Use the best practices in this article to help you migrate RDBMS databases to Amazon Redshift using AWS DMS.
- Use parallel load with your table-setting rules when you migrate data to an Amazon Redshift endpoint. For more information on using parallel load, and how it can be used to speed up migration, see Using parallel load for selected tables, views, and collections.
- AWS DMS versions 3.4.5 and later include support for the use of the ParallelLoad task settings during full load to Amazon Redshift target endpoints.
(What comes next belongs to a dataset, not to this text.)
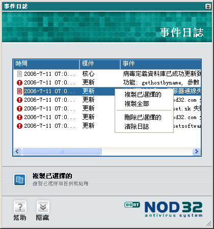 打開ESET NOD32的「控制中心」面板,在「日誌」選項中可以看到它已經默認開啟了「事件日誌」、「病毒日誌」和「掃瞄器日誌」。「事件日誌」會詳細記錄每一次的軟件升級和更新訊息,「病毒日誌」會記錄每一次掃瞄和查殺的病毒訊息,而「掃瞄器日誌」則用來記錄第一次查殺操作的時間和完成狀態等。在它們各自的窗口中除了可以查看外,還可以用右鍵單擊複製或刪除記錄等(如圖)。除了這三項日誌記錄外,我們還可以根據需要手動開啟電子郵件查殺日誌和網絡監視日誌,以完善日誌記錄內容。點擊「IMON」選項打開「網絡監視器」窗口,點擊「設定/其它」選項,鉤選「把企圖入侵的攻擊記錄在病毒日誌中」選框,點擊「確定」按鈕即可。這樣當遭遇網絡惡意攻擊時,就可以通過查看「病毒日誌」使攻擊者現出原形。然後點擊「EMON」選項打開「電子郵件保護」窗口,點擊「設定/日誌」選項,鉤選「記錄所有檔案」選框,接著在「範圍」選框中選擇一個記錄類型,點擊「確定」按鈕即可。這樣對於查殺出的郵件病毒也可以作進一步瞭解了。

For more information, see Multithreaded full load task settings for Amazon Redshift.
- If you are migrating a large amount of data to Amazon Redshift, increase the endpoint attribute values for maxFileSize and fileTransferUploadStreams. Doing this can help improve full load performance. Then, increase CommitRate value to improve performance.
- Because AWS DMS doesn't support Full Lob Mode when you use Amazon Redshift as a target for your databases, be sure to configure LobMaxSize to an appropriate value.
- Make sure that your Amazon Redshift tables have a primary key. If your target table doesn't have a primary key, then inserts are made in BatchApply mode. But because updates and deletes are then applied one-by-one, this affects performance. So, be sure that AWS DMS migrates CDC data in batches to the Amazon Redshift target to avoid any performance issues.
- Adjust the batch apply settings according to the workload to reduce the number of commits on the target. Batch apply settings include BatchApplyTimeoutMin, BatchApplyTimeoutMax, and BatchApplyMemoryLimit.
- Use BatchSplitSize to set the maximum number of changes applied in a single batch. The default value is 0, which means that there is no limit applied.
- Create target Amazon Redshift tables with the appropriate distribution and sort keys. When AWS DMS creates tables for Amazon Redshift targets, it creates tables with a default distribution key and no sort keys. Amazon Redshift stores data on disk in a sorted order, according to the sort key. The Amazon Redshift query optimizer uses sort order when determining optimal query plans. So, when you run a query, the query optimizer redistributes rows to the compute nodes as needed to perform any joins and aggregations. For more information, see Choose the best sort key and Working with data distribution styles.
- If you have a heavy transactional workload, use settings similar to these. These example settings mean that an 8000-MB batch buffer is filled in 1800 seconds, using 32 parallel threads, and with a 250-MB maximum file size.
Amazon Redshift endpoint settings:
BatchApplyEnabled=true; BatchSplitSize =8000; BatchApplyTimeoutMax =1800; BatchApplyTimeoutMin =1800; ParallelApplyThreads=32; ParallelApplyBufferSize=100;